Whether or not the SC has jurisdiction over the matter in question? Held: Bar integration does not compel the lawyer to associate with anyone. He is free to attend or not attend the meetings of his Integrated Bar Chapter or vote or refuse to vote in its elections as he chooses. The only compulsion to which he is subjected is the payment of annual dues. The Supreme Court, in order to further the State's legitimate interest in elevating the quality of professional legal services, may require that the cost of improving the profession in this fashion be shared by the subjects and beneficiaries of the regulatory program the lawyers. Relative to the issue of the power and/or jurisdiction of the Supreme Court to strike the name of a lawyer from its Roll of Attorneys, it is sufficient to state that the matters of admission, suspension, disbarment and reinstatement of lawyers and their regulation and supervision have been and are indisputably recognized as inherent judicial functions and responsibilities, and the authorities holding such are legion. WHEREFORE, premises considered, it is the unanimous sense of the Court that the respondent Marcial A. Edillon should be as he is hereby disbarred, and his name is hereby ordered stricken from the Roll of Attorneys of the Court. ULEP V LEGAL CLINIC FACTS: Ulep prays the Supreme Court to order the Legal Clinic to cease, issuing advertisement similar to or of the same tenor as that of annexes A and B (p381). Legal Clinic admits the facts of publication of said advertisement that claims that it is not engage in the practice of law but in the rendering of legal support services through paralegals with the use of modern computers and electronic machine. W/N the services offered by Legal Clinic as advertised by it constitutes practice of law Whether the same can properly be the subject of the advertisement complained of According to the IBP, notwithstanding the manner by which respondent endeavored to distinguish the 2 terms, legal support services and legal services, common sense would readily dictate that the same are essentially without substantial distinction. The use of the name the Legal Clinic gives the impression that the respondent corporation is being managed by lawyers and that it renders legal services. The advertisement

in question is meant to induce the performance of acts contrary to law, morals, public order and public policy. This is in violation of Canon 1 Rule 1.02 that is counseling illegal activities. Practice of law means any activity, in or out of court which requires that application of law, legal procedures, knowledge, training and experience. Applying the case Cayetano vs. Monsod, the court agrees that the activities of the respondent Legal Clinic constitute the practice of law. Such a conclusion will not be altered by the fact that respondent does not represent clients in court since law practice is not limited merely to court appearances. Regarding the issue on the validity of the questioned advertisements, the Code of Profession Responsibility provides that a lawyer, in making known his legal services shall use only true, honest, fair, and objective information or statement of facts.
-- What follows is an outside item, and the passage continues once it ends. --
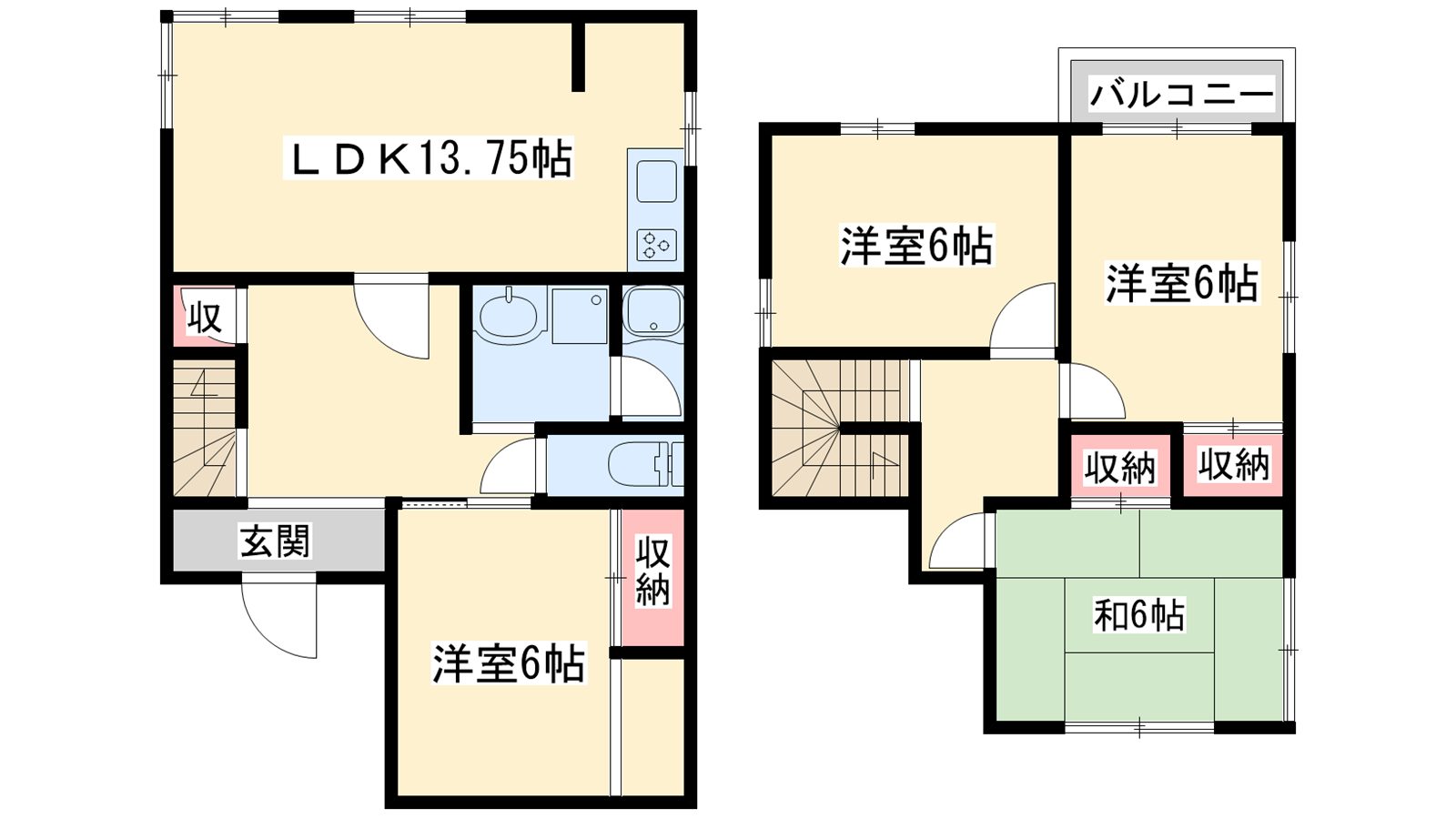 - LDK13.75帖、洋室6帖、洋室6帖、洋室6帖、和室6帖
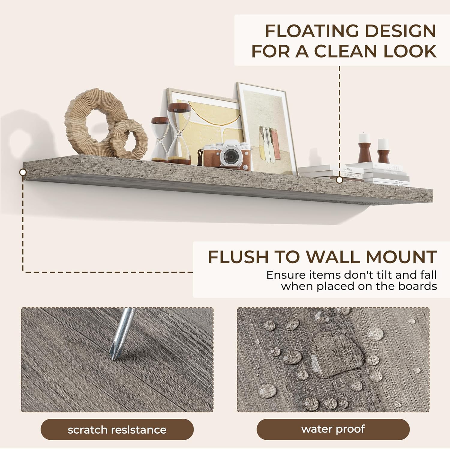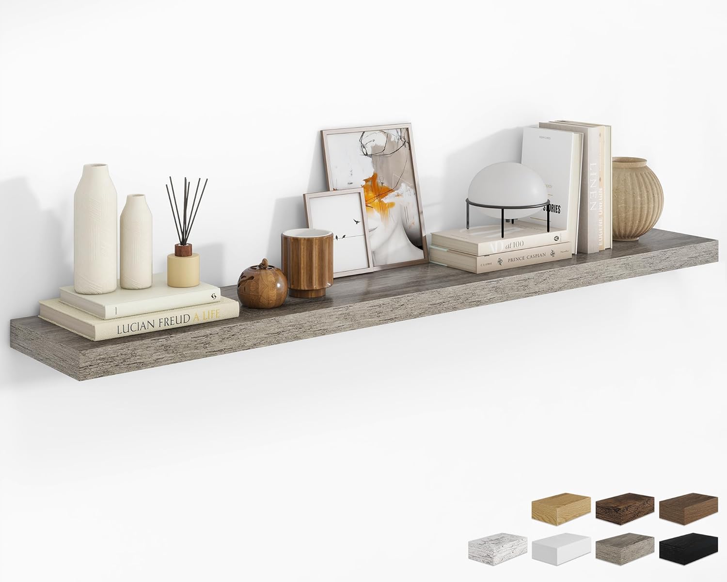 RICHFOCUS 72Inch Floating Shelves for Wall 1 Pack Shelves for Bedroom|Kitchen|Bathroom Wall Mounted Rustic Wood Floating Shelf with Invisible Brackets for Books|Storage|Decor, Grey

The proscription against advertising of legal services rests on the fundamental postulate that the practice of law is a profession. Exceptions: o Publication in reputable law lists, in a manner consistent with the standards of conduct imposed by the canon o Ordinary, simple professional card. The card may contain only the statement of his name, the law firm, address and branch of law practiced. Considering that Atty. Nogales who is the prime incorporator, major stockholder and proprietor of the legal clinic is a member of the Philippine Bar, he is hereby reprimanded with a warning that the repetition of the same or similar acts which are involved in this proceeding will be dealt with more severely.